Like a Lego brick, a data product wired to support one or more of these consumption archetypes can be quickly snapped into any number of business applications.
Consider a mining company that created a data product providing live GPS data feeds of ore-transport-truck locations. It was designed to support all the archetypes except external data sharing for its first use case—improving ore-processing yields. The company soon discovered the product had uses far beyond that. Once it was made available more broadly in the organization, several entrepreneurial employees immediately leveraged it to eliminate bottlenecks in the mine transport system. In just three days they built a prototype of a truck-routing decision support tool that reduced queuing time and carbon emissions. If they’d had to engineer the data from scratch, it would have taken nearly three months.
As word continued to spread, employees interested in other issues that involved trucks—such as safety, maintenance, and driver scheduling—tapped into the data to find answers to thorny questions and to build revenue-generating solutions that previously would have been impossible.
Managing and Developing Data Products
Whether they’re selling sedans, software, or sneakers, most companies will have internal product managers who are dedicated to researching market needs, developing road maps of product capabilities, and designing and profitably marketing the products.

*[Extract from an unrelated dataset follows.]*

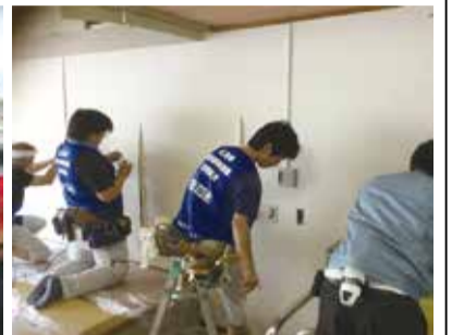
特別支援学校へのボランティア

Likewise, every data product should have a designated product manager who is in charge of putting together a team of experts to build, support, and improve it over time. Both the manager and the experts should be within a data utility group that sits inside a business unit. Typically, such groups include data engineers, data architects, data modelers, data platform engineers, and site reliability engineers. Embedding them within business units gives the data product teams ready access to both the business subject-matter experts and the operational, process, legal, and risk assistance they need to develop useful and compliant data products. It also connects teams directly with feedback from users, which helps them keep improving their products and identify new uses. The first release of the customer data product at the national bank, for instance, focused on customer demographic profiles and information on transactions. Subsequent releases included data on customer interactions and on prospects, attracting significantly more data users and supporting teams developing other applications. The cost savings and incremental revenue realized by the product’s early uses funded the next phases, creating a sustainable business model.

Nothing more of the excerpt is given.